> [To do] All records below are to be set down precisely as written, excluding pictures.

[Excerpts from a dataset]
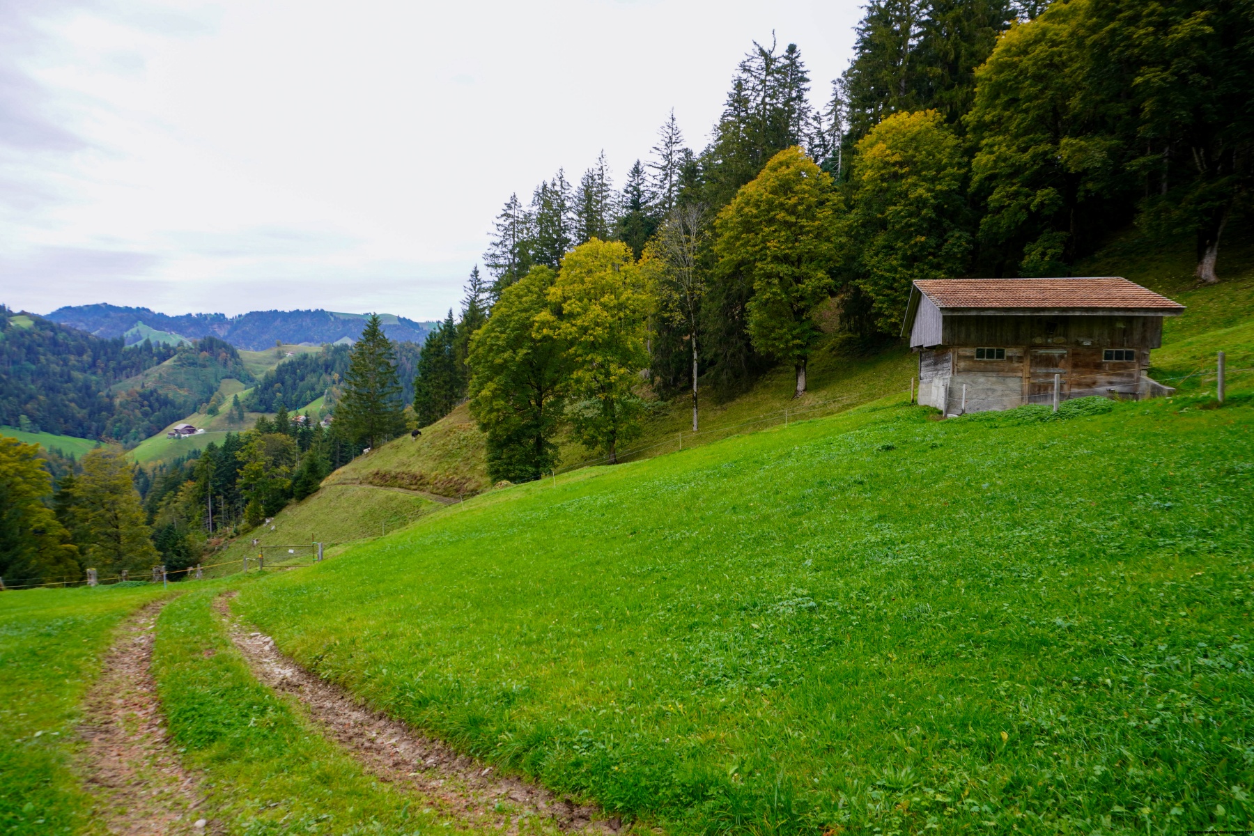 The descent to Schüpfheim is through gentle meadows and forests. When you drive through the Entlebuch, you get the impression that the slopes are much steeper than they are.
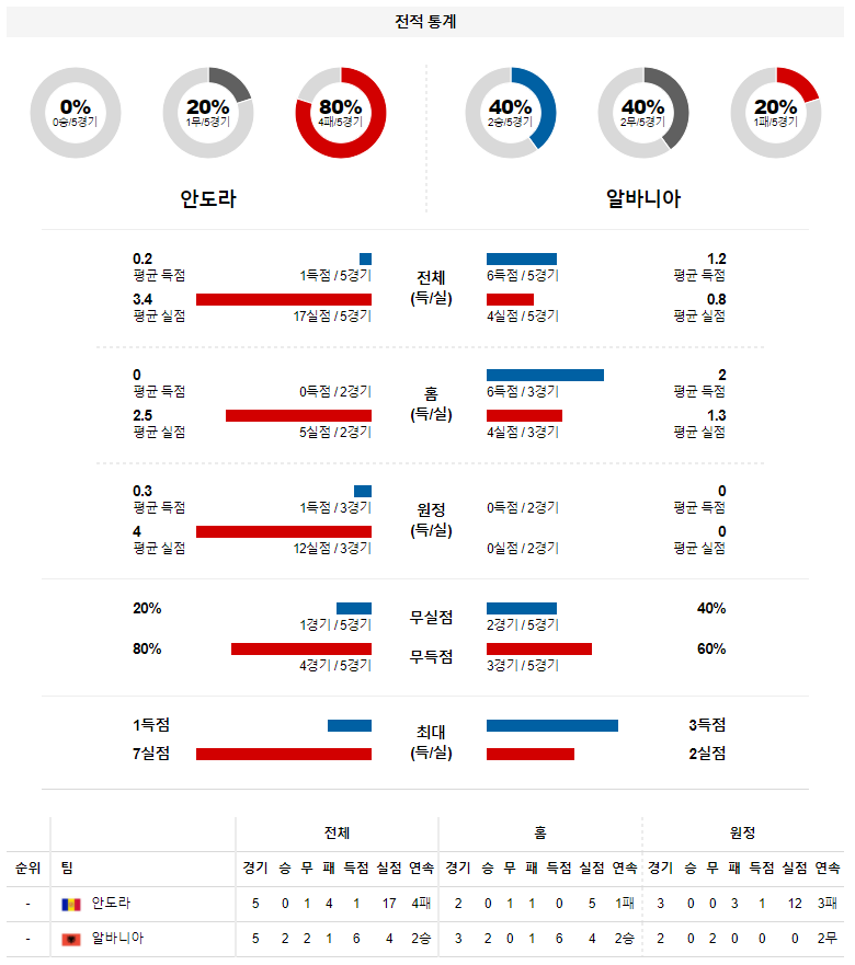 2. 안도라 최근 홈 성적 : 5전 1무 4패 (무실점 비율 : 20%, 무득점 비율 : 80%)
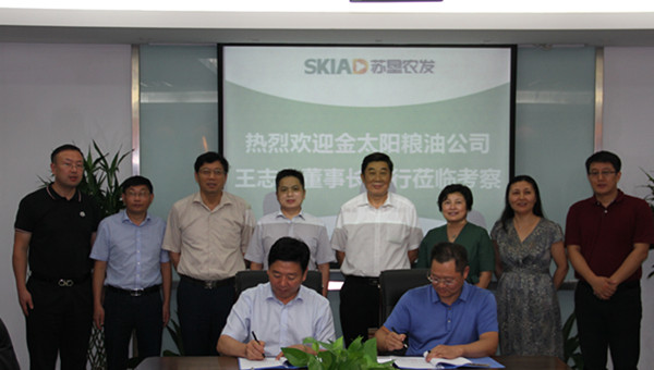 8月22日,金太陽(yáng)糧油股份有限公司董事長(zhǎng)王志榮一行到訪蘇墾農(nóng)發(fā)股份公司總部,集團(tuán)公司總經(jīng)理、蘇墾農(nóng)發(fā)股份公司董事長(zhǎng)胡兆輝,集團(tuán)公司副總經(jīng)理仲小兵,集團(tuán)公司黨委委員、蘇墾農(nóng)發(fā)股份公司總裁蘇志富與王志
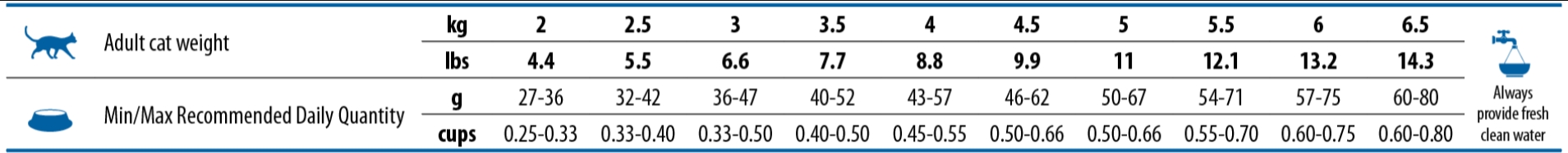proteína bruta 31,00%; gordura bruta 11,00%; fibra bruta 6,50%; humidade 8,00%; cinza bruta 8,50%; Cálcio 1,10%; Fósforo 0,90%; Magnésio 0,09%; ómega-6 2,00%; ómega-3 0,40%; DHA 0,15%; EPA 0,10%; Taurina 0,18%.
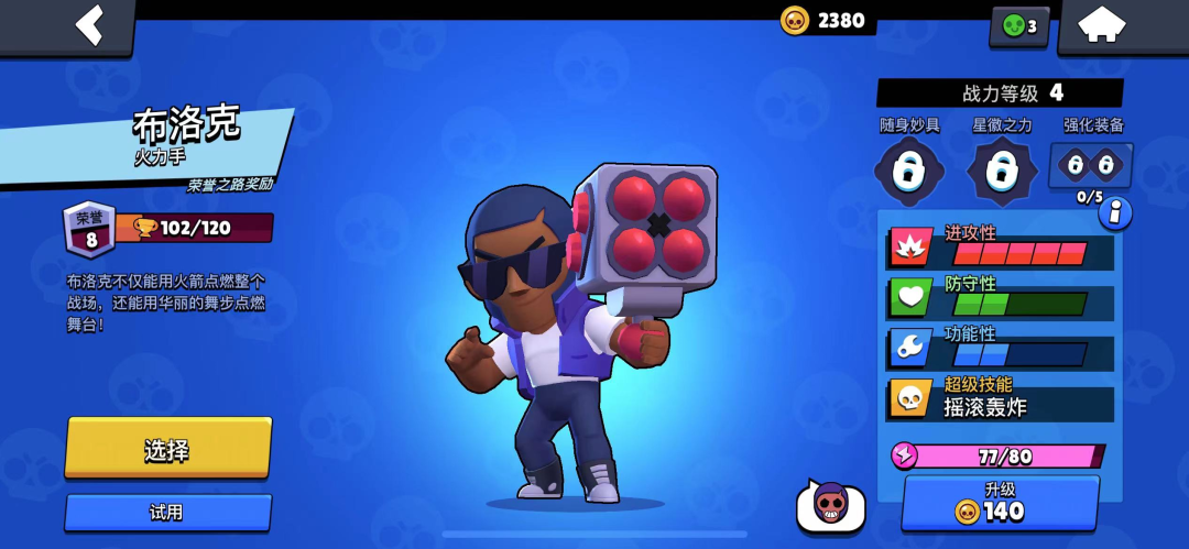 “火箭筒”布洛克也是远程输出角色,生命值和移动速度与柯尔特相同。他的基础攻击是火箭弹,射程远,威力大,命中后范围伤害大。然而,火箭飞行速度缓慢,需要很长时间才能重新装弹。玩家必须掌握足够的预测和瞄准技巧才能善用它们。如果他们一味地捕鸟,他们只会配备远程桨。
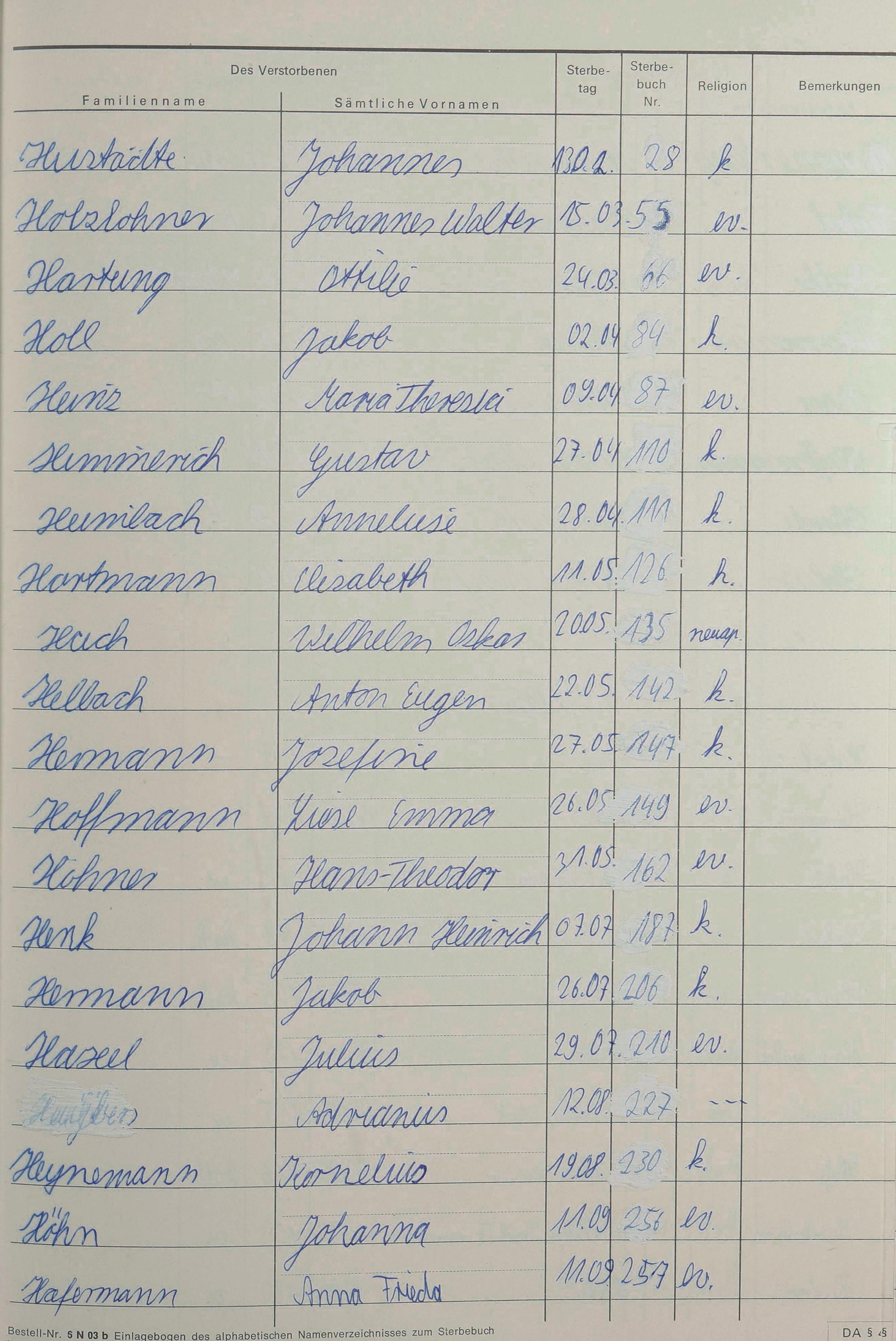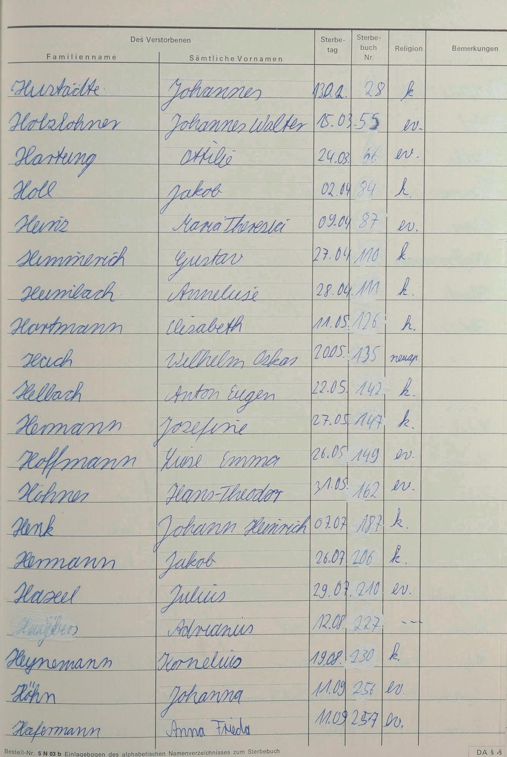 H - Register Sterbefälle 1974-1995
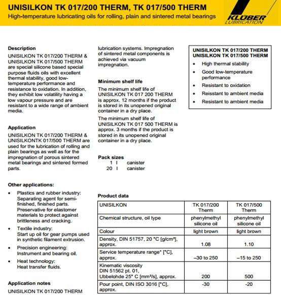 用于軋制、純和燒結金屬軸承的高溫潤滑油,滑動軸承和燒結UNISILKON TK 017/200熱敏電阻; UNISILKON TK 017/500熱敏電阻的熱應力潤滑油具有良好的耐寒性和氧化穩定性。 這些油的特點是低蒸氣壓和低波動性。 在這些合成油是一個很好的耐介質性。

> [Completed exercise]
 The descent to Schüpfheim is through gentle meadows and forests. When you drive through the Entlebuch, you get the impression that the slopes are much steeper than they are.
 2. 안도라 최근 홈 성적 : 5전 1무 4패 (무실점 비율 : 20%, 무득점 비율 : 80%)
 8月22日,金太陽(yáng)糧油股份有限公司董事長(zhǎng)王志榮一行到訪蘇墾農(nóng)發(fā)股份公司總部,集團(tuán)公司總經(jīng)理、蘇墾農(nóng)發(fā)股份公司董事長(zhǎng)胡兆輝,集團(tuán)公司副總經(jīng)理仲小兵,集團(tuán)公司黨委委員、蘇墾農(nóng)發(fā)股份公司總裁蘇志富與王志
proteína bruta 31,00%; gordura bruta 11,00%; fibra bruta 6,50%; humidade 8,00%; cinza bruta 8,50%; Cálcio 1,10%; Fósforo 0,90%; Magnésio 0,09%; ómega-6 2,00%; ómega-3 0,40%; DHA 0,15%; EPA 0,10%; Taurina 0,18%.
 “火箭筒”布洛克也是远程输出角色,生命值和移动速度与柯尔特相同。他的基础攻击是火箭弹,射程远,威力大,命中后范围伤害大。然而,火箭飞行速度缓慢,需要很长时间才能重新装弹。玩家必须掌握足够的预测和瞄准技巧才能善用它们。如果他们一味地捕鸟,他们只会配备远程桨。
 H - Register Sterbefälle 1974-1995
 用于軋制、純和燒結金屬軸承的高溫潤滑油,滑動軸承和燒結UNISILKON TK 017/200熱敏電阻; UNISILKON TK 017/500熱敏電阻的熱應力潤滑油具有良好的耐寒性和氧化穩定性。 這些油的特點是低蒸氣壓和低波動性。 在這些合成油是一個很好的耐介質性。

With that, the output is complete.